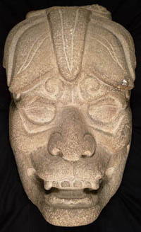 Escultura pedestal tallada en forma de cabeza zoomorfa. Lleva ojos redondeados, boca abierta y carece de nariz. Está expuesta en la Facultad de Odontología de la Universidad Francisco Marroquín.
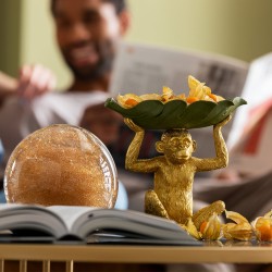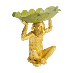 This radiantly beautiful helper has everything under control: leave keys, rings or the snacks for movie night to him and the friendly monkey will keep everything in order. The sculpture is detailed and lovingly painted by hand. With its fur in gold and the bowl in green, it brings that jungle feeling into the living room, the bedroom, the hallway or the home office.
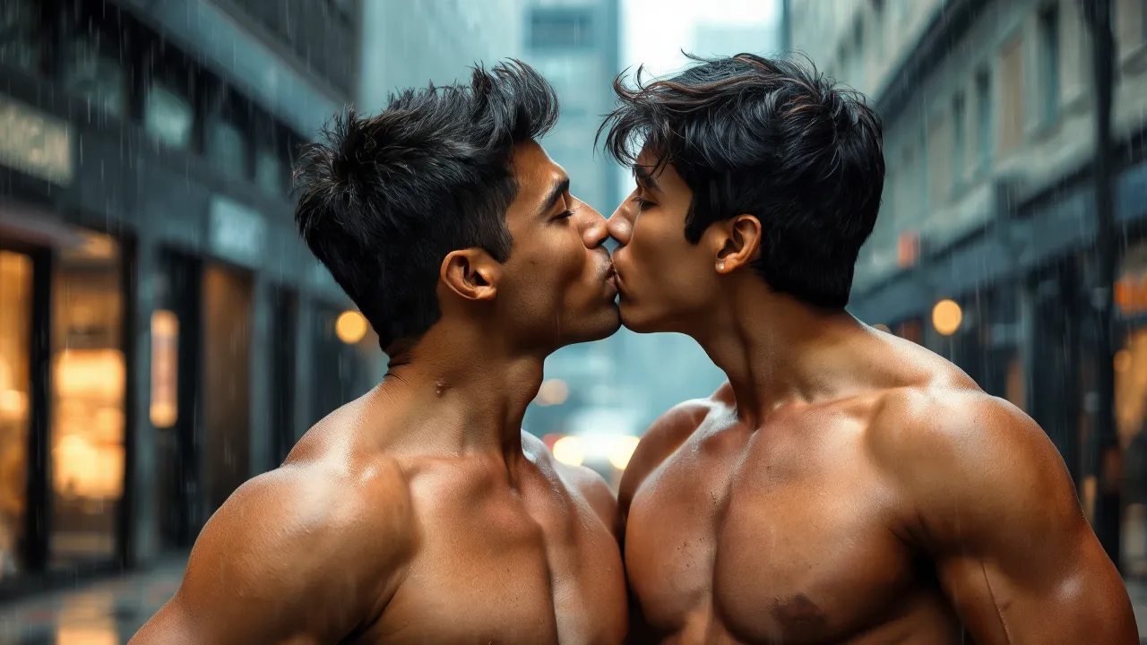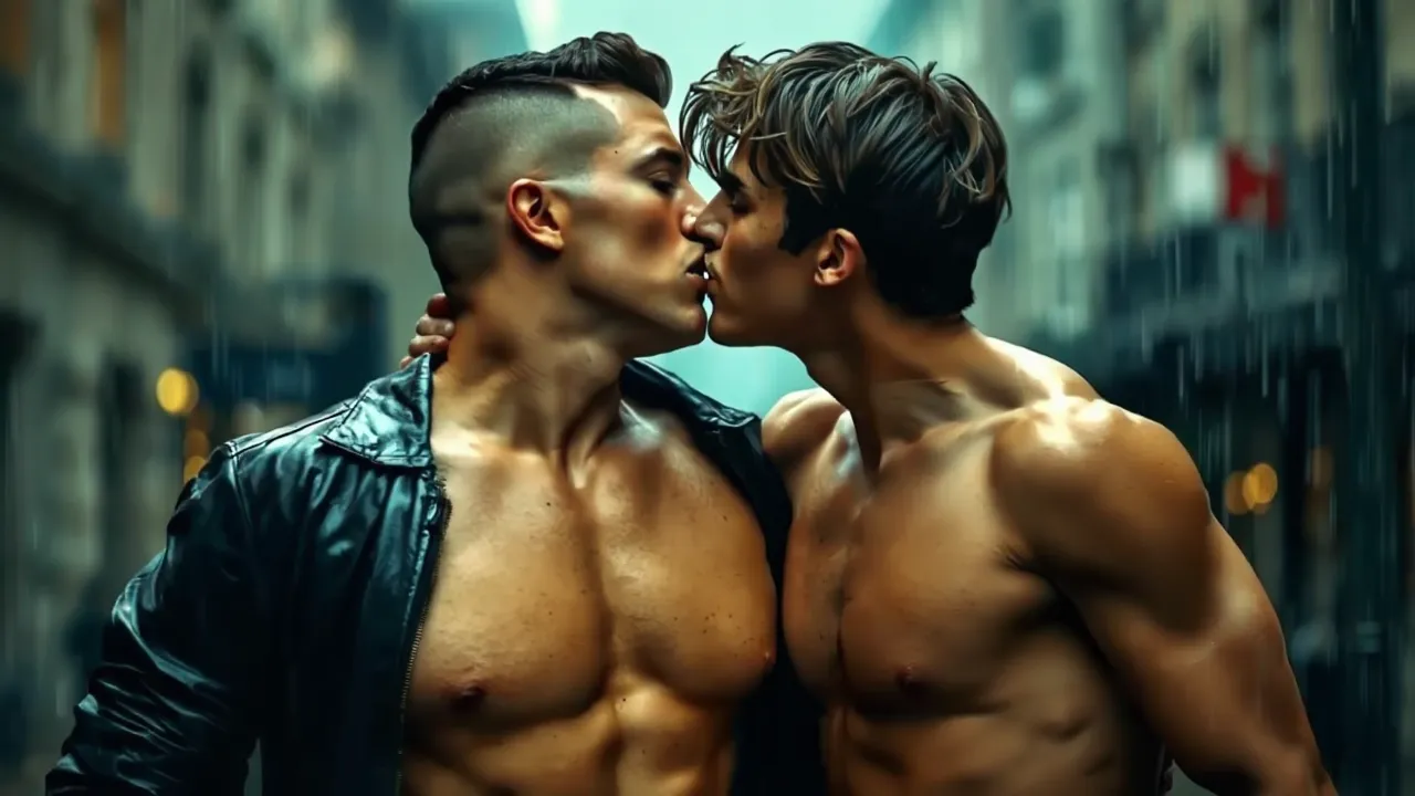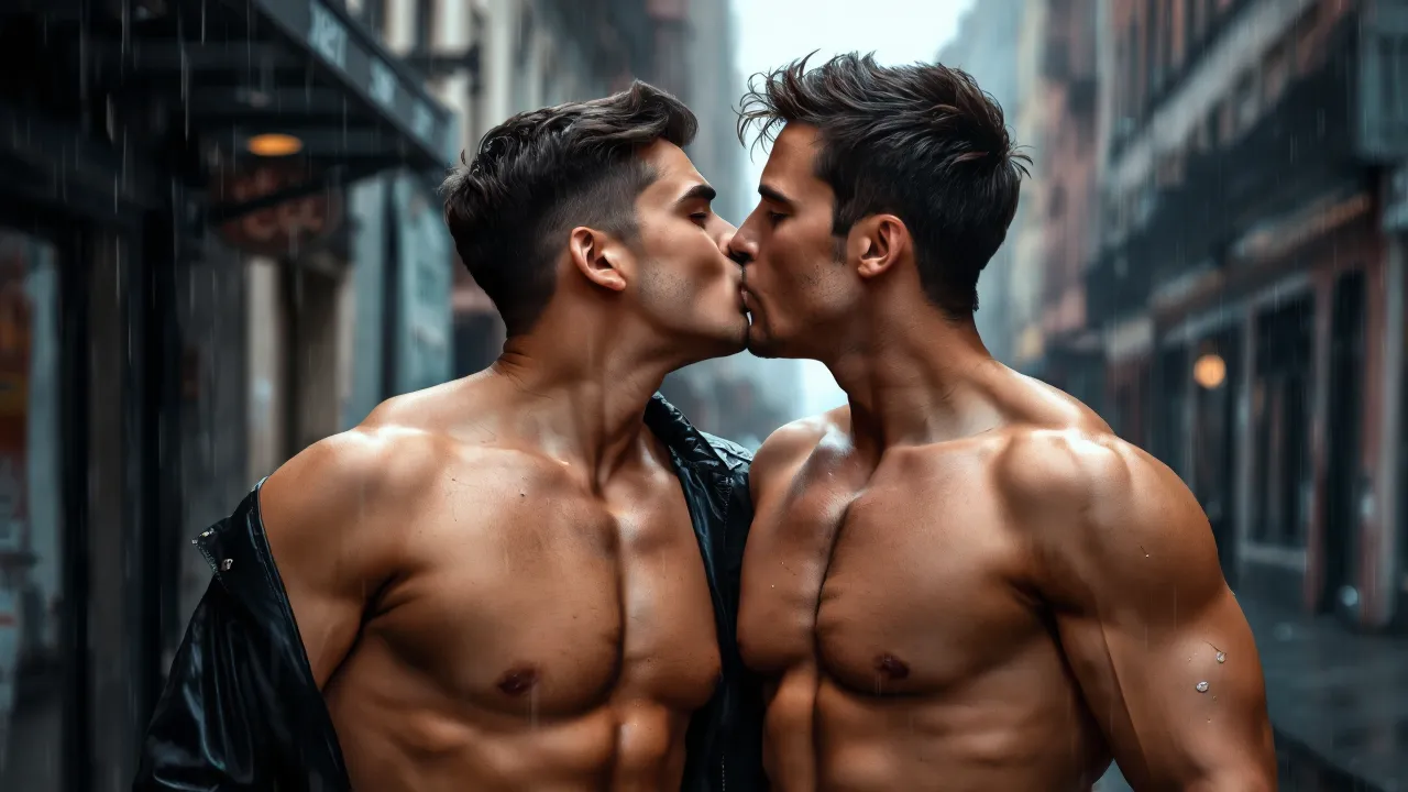 Two men are kissing in a rain-soaked urban setting. They are both shirtless, showcasing their athletic physiques. One man wears a leather jacket, while the other has a slightly tousled hairstyle. The background features blurred architecture and street elements, with rain cascading down, creating an intimate and romantic atmosphere.
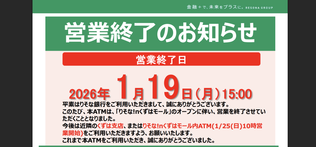くずはモール内の「りそな銀行ATM」が1月19日で営業を終了するようです。
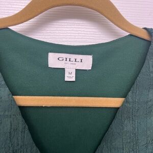 This sweet cropped blouse from Gilli features a sophisticated wrap design in a rich green hue. The long sleeves and peplum hem is ideal for high waisted bottoms and the gathered cuffs and waistband enhance its feminine silhouette.
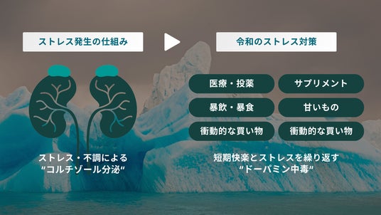 ストレスや不調を感じると副腎からコルチゾール(ストレスホルモン)が分泌されます。これが意欲の低下、免疫力の低下、体脂肪の蓄積、睡眠の質の低下を招きます。現代人はこのストレスや不調に打ち勝とうと、医療や投薬、サプリメントやパジャマの購入、ジュースやスイーツによる血糖値上昇、暴飲暴食やSNSの無限スクロール等、これまで多くの対処療法を実践してきました。
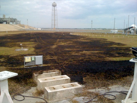There was some damage to the flame trench as well. Fondue and concrete (but not bricks) from the original construction of 39A was forced free.
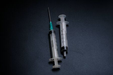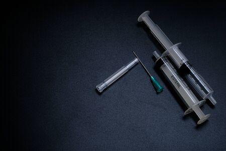 Medical Syringes with Needle on Black Background, Close up Syringe, Health care concept.
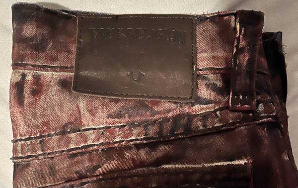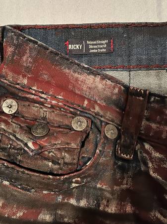Selling a pair of True Religion jeans. They have a unique, distressed look with a dark brown and red colour palette. Please see photos for details!
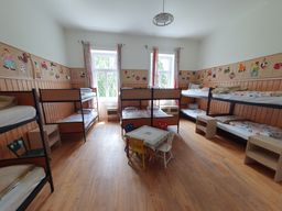 Im Kinderferiencamp Parkschlössl stehen 2 Wohneinheiten zur Verfügung, die außerhalb der Schulferien auf Gäste warten, die Urlaub oder Gruppenveranstaltungen planen. Bis zu 24 Personen werden bequem untergebracht. Jede Einheit ist mit 3 Schlafzimmern und ausschließlich Stockbetten ausgestattet. Mehrere Duschen und WCs sind außerhalb der Schlafzimmer. Es gibt 1-2 große Aufenthaltsräume sowie eine eigene Küchenzeile. Man betritt das Haus durch einen großzügigen Eingangsbereich. Der Garten mit 7000m² umrahmt das Haus. Geboten werden: Im Sommer ein Outdoor-Pool und Minipool, ein hauseigener Tennisplatz, ein Grillplatz und Spielplatz mit Sandkiste sowie eine große Wiese zum Toben oder Seele baumeln lassen mit Blick auf den Loser. Im Sommer schützen zahlreiche Bäume und ein Pavillon vor der Sonne. Im Winter können die Kleinen sogar im Garten Rodeln. Wer sich bewegen möchte, ist hier genau richtig. Die Anfahrt ist bequem und Parkplätze sind direkt am Gelände vorhanden.
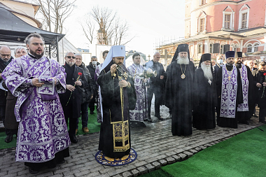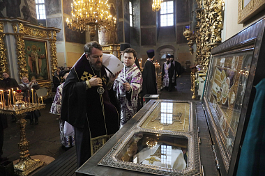 По благословению Святейшего Патриарха Московского и всея Руси Кирилла богослужение возглавил председатель Отдела внешних церковных связей Московского Патриархата митрополит Волоколамский Иларион в сослужении председателя Синодального отдела по монастырям и монашеству, наместника Донского ставропигиального мужского монастыря архиепископа Каширского Феогноста и викария Святейшего Патриарха, наместника Андреевского ставропигиального мужского монастыря епископа Дмитровского Феофилакта.
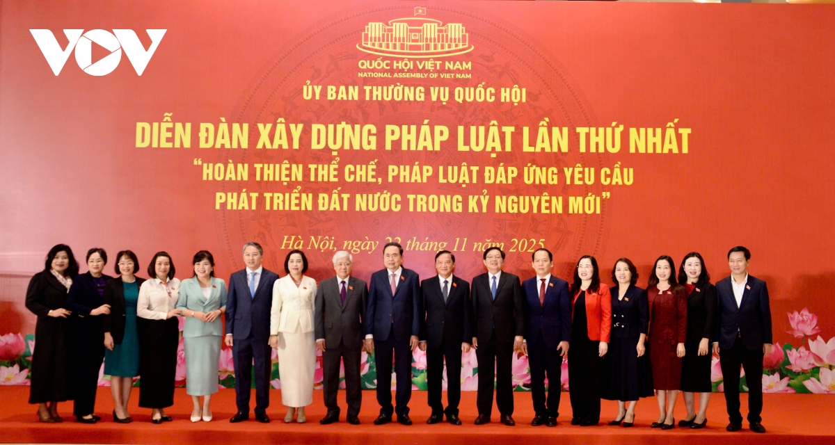 VOV.VN - Ngày 22/11, tại Nhà Quốc hội, Chủ tịch Quốc hội Trần Thanh Mẫn chủ trì Diễn đàn Xây dựng pháp luật lần thứ I với chủ đề “Hoàn thiện thể chế, pháp luật đáp ứng yêu cầu phát triển đất nước trong kỷ nguyên mới”.

....................

• **Work instructions**:
Pictures should not appear in the copy. Write out exactly the lines above from the first one through the line that contains "くずはモール内の「りそな銀行ATM」が1月19日で営業を終了するようです。".

• **Answer below**:
 Escultura pedestal tallada en forma de cabeza zoomorfa. Lleva ojos redondeados, boca abierta y carece de nariz. Está expuesta en la Facultad de Odontología de la Universidad Francisco Marroquín.
 This radiantly beautiful helper has everything under control: leave keys, rings or the snacks for movie night to him and the friendly monkey will keep everything in order. The sculpture is detailed and lovingly painted by hand. With its fur in gold and the bowl in green, it brings that jungle feeling into the living room, the bedroom, the hallway or the home office.
 Two men are kissing in a rain-soaked urban setting. They are both shirtless, showcasing their athletic physiques. One man wears a leather jacket, while the other has a slightly tousled hairstyle. The background features blurred architecture and street elements, with rain cascading down, creating an intimate and romantic atmosphere.
くずはモール内の「りそな銀行ATM」が1月19日で営業を終了するようです。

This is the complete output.